> [What you are asked to do] Please output every entry below exactly as written, leaving out any pictures.

++++++++

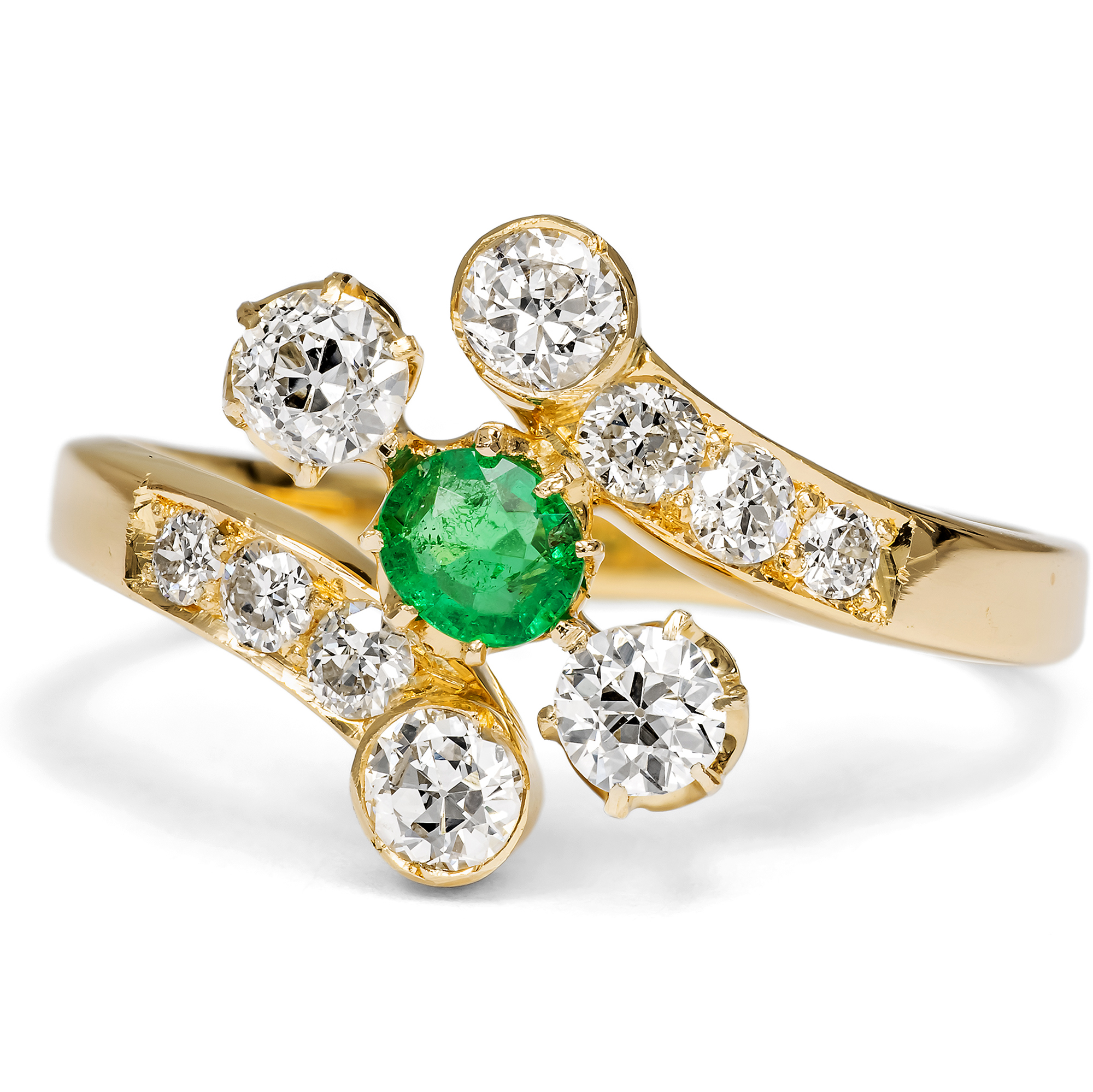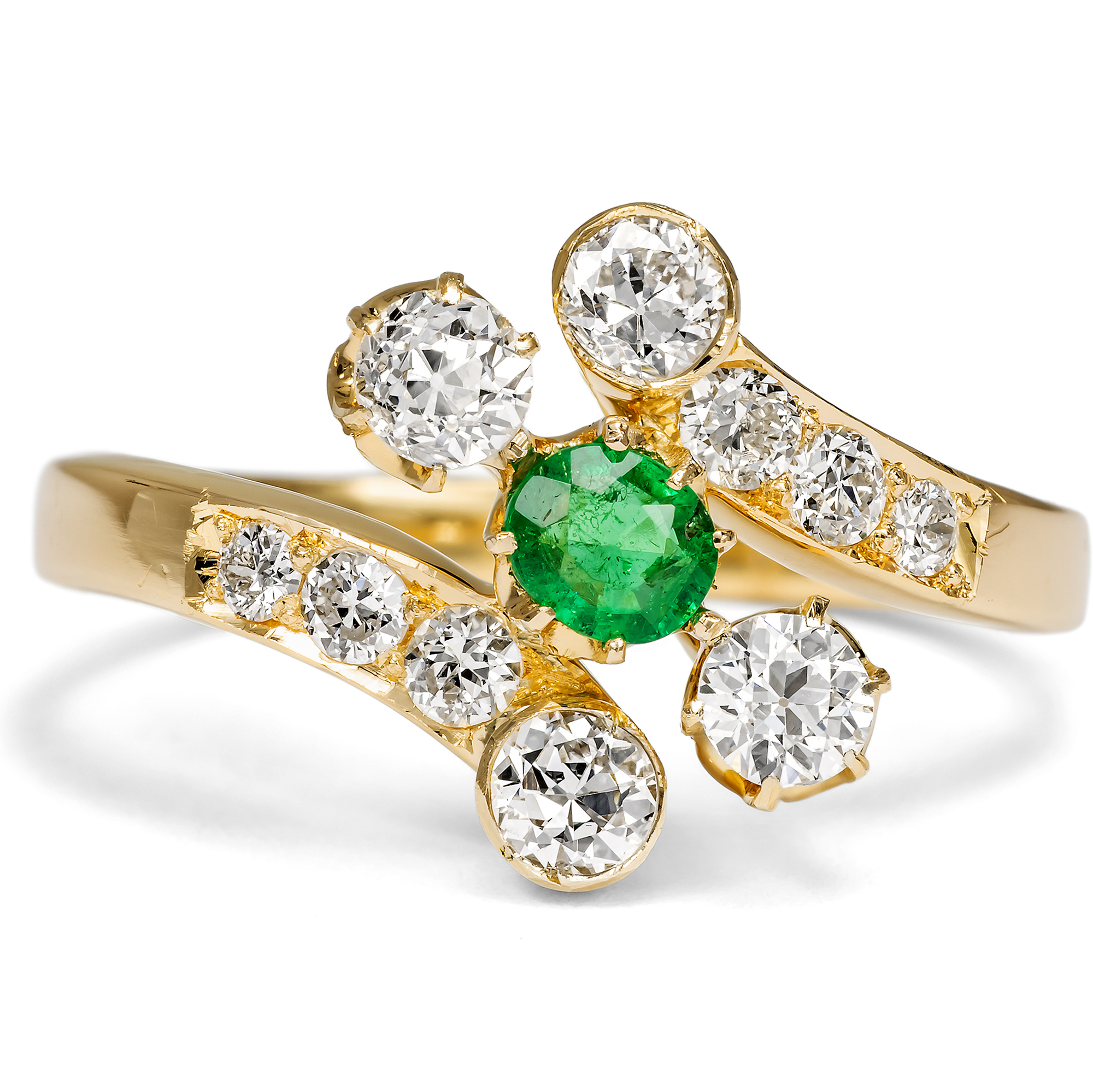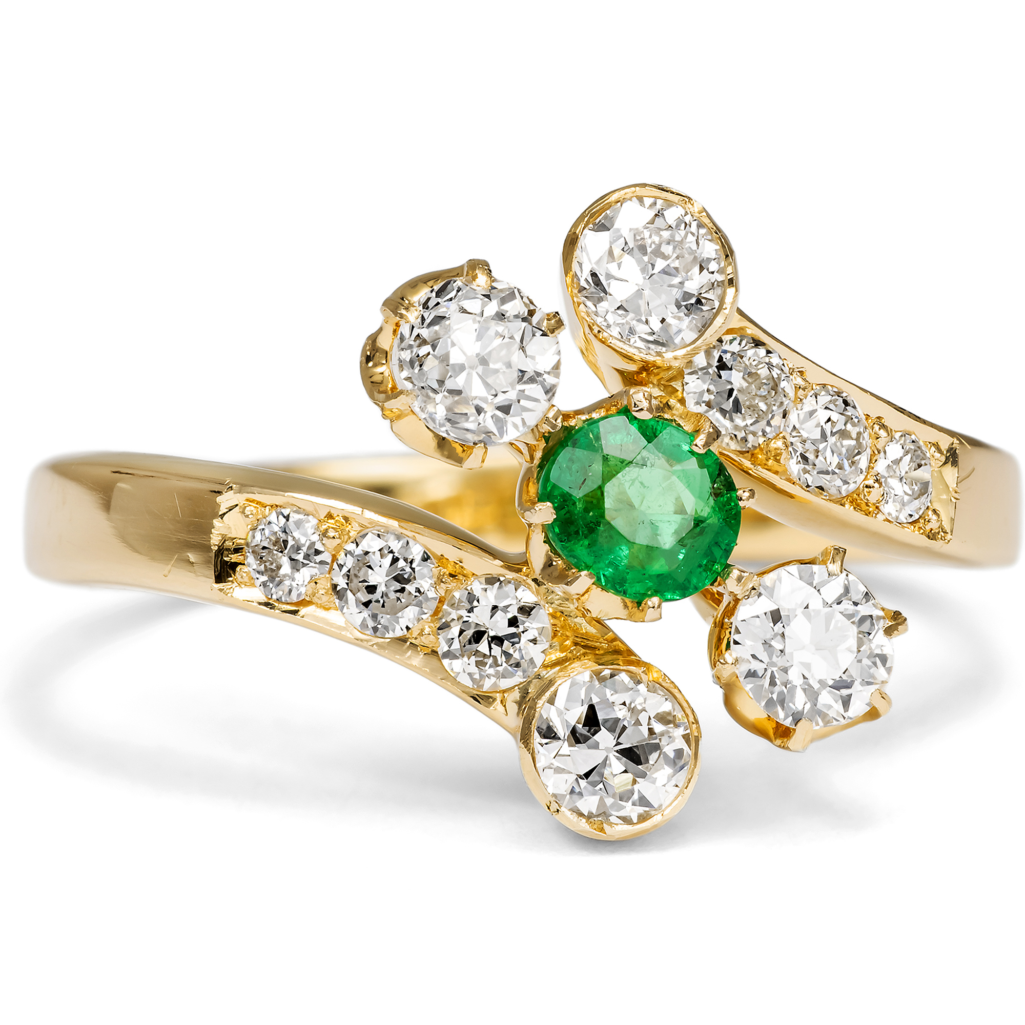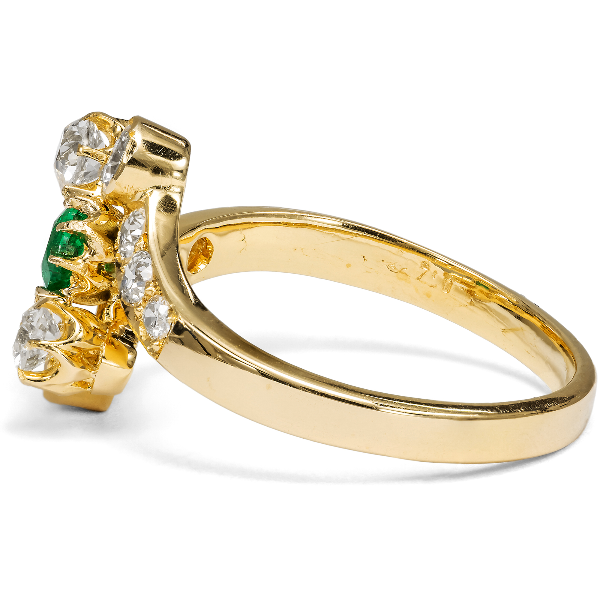 Dieser elegante Ring des späten 19. Jahrhunderts präsentiert in seiner Mitte einen oval facettierten Smaragd aus Kolumbien von lebhaft grüner Farbe in einer goldenen Krappenfassung. Begleitet wird der kostbare Edelstein von zwei großen Diamanten im Altschliff von sehr guter Qualität. Gefasst sind alle Steine in hochkarätiges Gold. Jeder der hier verarbeiteten Edelsteine ist handgeschliffen und individuell geformt, was den Reiz des Ringes ausmacht und ihn klar von modernen Juwelenarbeiten unterscheidet. Das Arrangement als den drei mittleren Steinen wird von einer geschwungenen Ringschiene gehalten. Hier sind weitere acht Diamanten eingelassen, sodass insgesamt etwa ein Karat Diamanten in diesem Ring verarbeitet ist. Der Smaragd gehört seit jeher zu den beliebtesten Edelsteinen. In der Sprache der Juwelen kommt dem Edelsteinbesatz dieses Ringes neben seiner Schönheit aber auch eine symbolische Bedeutung zu. So steht seit dem Mittelalter der Smaragd wegen seiner frischen Farbe für eine beginnende, junge, sozusagen hoffnungsvoll „ergrünende“ Liebe, während der Diamant die Dauer einer Verbindung versinnbildlicht. So eignet sich der Ring wunderbar als Geschenk an einen Menschen, den man ins Herz geschlossen hat. Der Ring fand hier in Berlin zu uns. Ausweislich seiner Punzierung ist er sehr wahrscheinlich im damaligen Deutschen Kaiserreich entstanden.
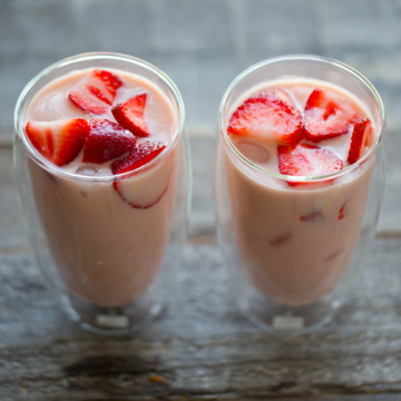 Starbucks uses freeze dried strawberries in this. Love the power of the Medjool dates to sweeten it up.
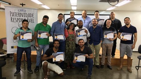 Brasília - O Sindicato certificou, na manhã desta quarta-feira (6) mais 11 papais bancários no curso de Paternidade Responsável, oferecido gratuitamente pela entidade aos sindicalizados. A certificação garante a ampliação da licença paternidade de 5 para 20 dias.
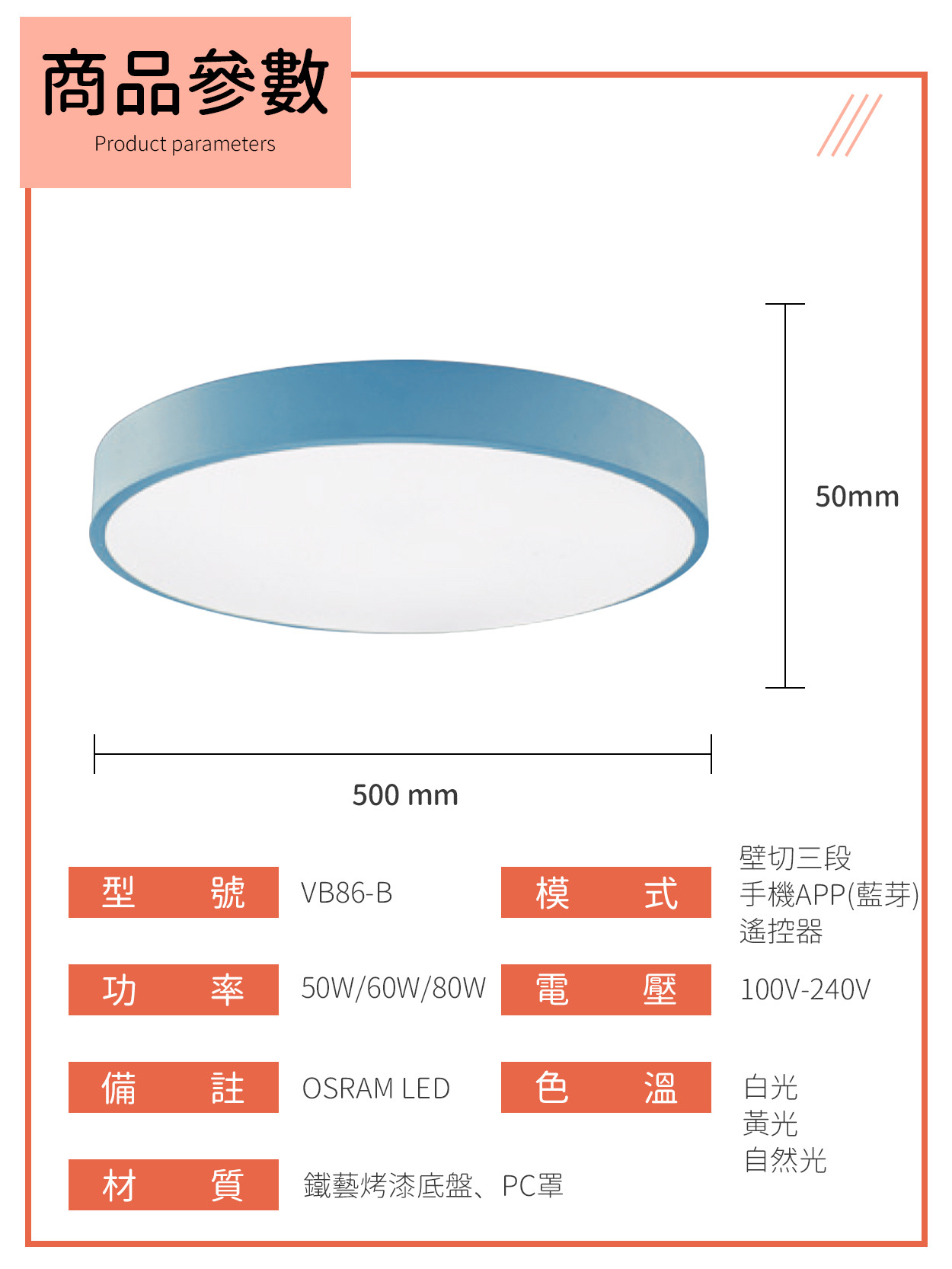〔模式〕三段壁切、手機APP調光調色、遙控器
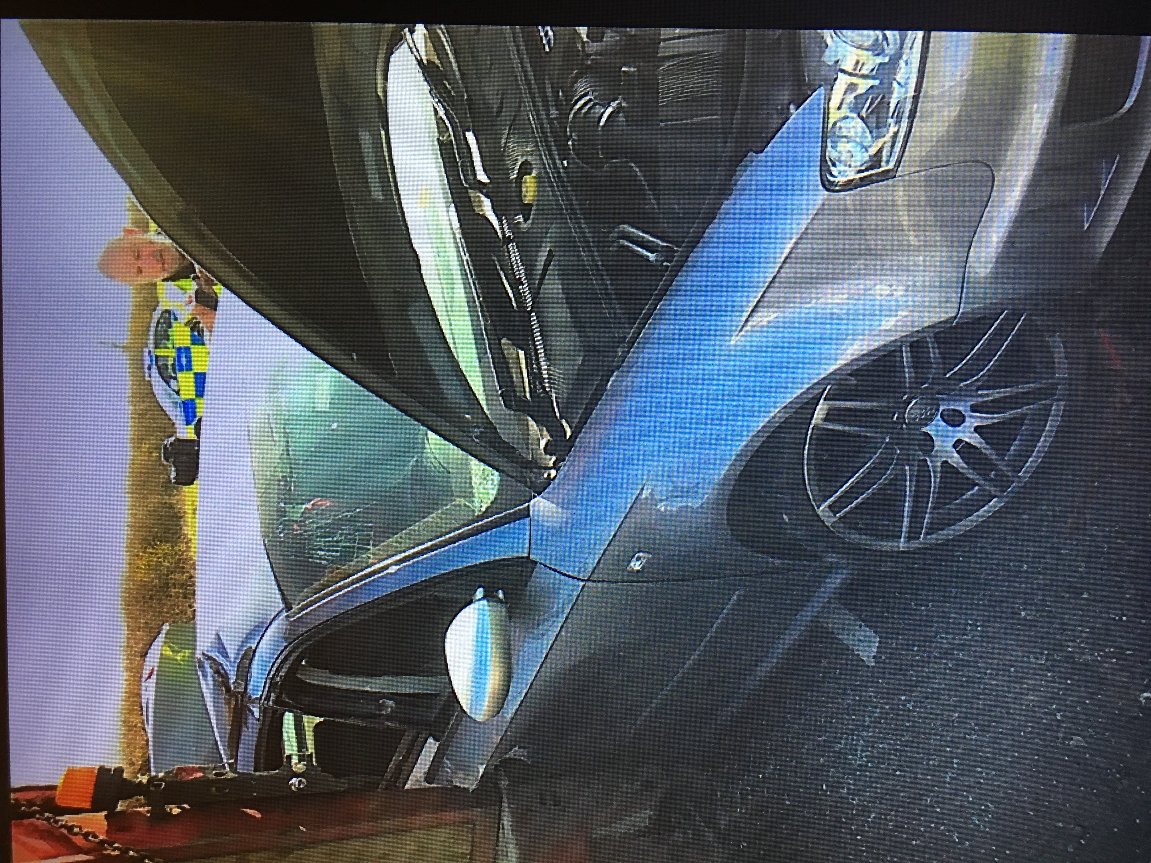 And also if you look at the roof its pushed up in the middle. The rear quarter is pushed forward about 6inches. Basically the car ended up like a banana. On the engineers report it listed every part to repair it and the total cost including a new shell was £29,000.
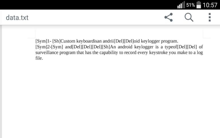 The Custom Keyboard has been supplied in two Basic and Pro versions. In this version (Basic), every recorded keystroke, will be saved continuously in a text file (data.txt) in the Custom Keyboard directory on the external memory (Internal memory on some phones).
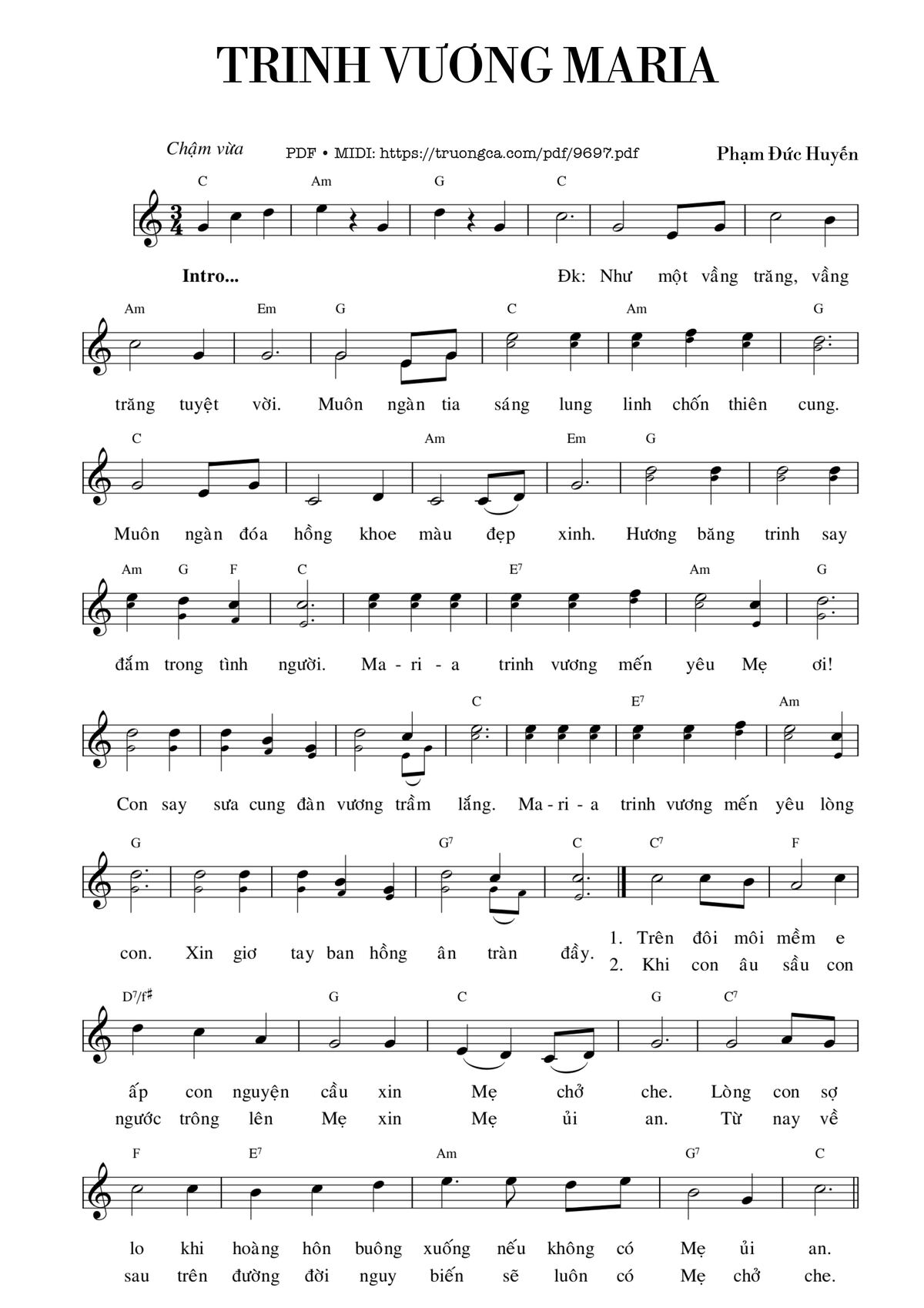 Phạm Đức Huyến Trinh Vương Maria Phạm Đức Huyến Như một vầng trăng [PDF] [Sheet] [Lyrics] [Mp4/Midi]

++++++++

> [Task solution]
 Dieser elegante Ring des späten 19. Jahrhunderts präsentiert in seiner Mitte einen oval facettierten Smaragd aus Kolumbien von lebhaft grüner Farbe in einer goldenen Krappenfassung. Begleitet wird der kostbare Edelstein von zwei großen Diamanten im Altschliff von sehr guter Qualität. Gefasst sind alle Steine in hochkarätiges Gold. Jeder der hier verarbeiteten Edelsteine ist handgeschliffen und individuell geformt, was den Reiz des Ringes ausmacht und ihn klar von modernen Juwelenarbeiten unterscheidet. Das Arrangement als den drei mittleren Steinen wird von einer geschwungenen Ringschiene gehalten. Hier sind weitere acht Diamanten eingelassen, sodass insgesamt etwa ein Karat Diamanten in diesem Ring verarbeitet ist. Der Smaragd gehört seit jeher zu den beliebtesten Edelsteinen. In der Sprache der Juwelen kommt dem Edelsteinbesatz dieses Ringes neben seiner Schönheit aber auch eine symbolische Bedeutung zu. So steht seit dem Mittelalter der Smaragd wegen seiner frischen Farbe für eine beginnende, junge, sozusagen hoffnungsvoll „ergrünende“ Liebe, während der Diamant die Dauer einer Verbindung versinnbildlicht. So eignet sich der Ring wunderbar als Geschenk an einen Menschen, den man ins Herz geschlossen hat. Der Ring fand hier in Berlin zu uns. Ausweislich seiner Punzierung ist er sehr wahrscheinlich im damaligen Deutschen Kaiserreich entstanden.
 Starbucks uses freeze dried strawberries in this. Love the power of the Medjool dates to sweeten it up.
 Brasília - O Sindicato certificou, na manhã desta quarta-feira (6) mais 11 papais bancários no curso de Paternidade Responsável, oferecido gratuitamente pela entidade aos sindicalizados. A certificação garante a ampliação da licença paternidade de 5 para 20 dias.
〔模式〕三段壁切、手機APP調光調色、遙控器
 And also if you look at the roof its pushed up in the middle. The rear quarter is pushed forward about 6inches. Basically the car ended up like a banana. On the engineers report it listed every part to repair it and the total cost including a new shell was £29,000.
 The Custom Keyboard has been supplied in two Basic and Pro versions. In this version (Basic), every recorded keystroke, will be saved continuously in a text file (data.txt) in the Custom Keyboard directory on the external memory (Internal memory on some phones).
 Phạm Đức Huyến Trinh Vương Maria Phạm Đức Huyến Như một vầng trăng [PDF] [Sheet] [Lyrics] [Mp4/Midi]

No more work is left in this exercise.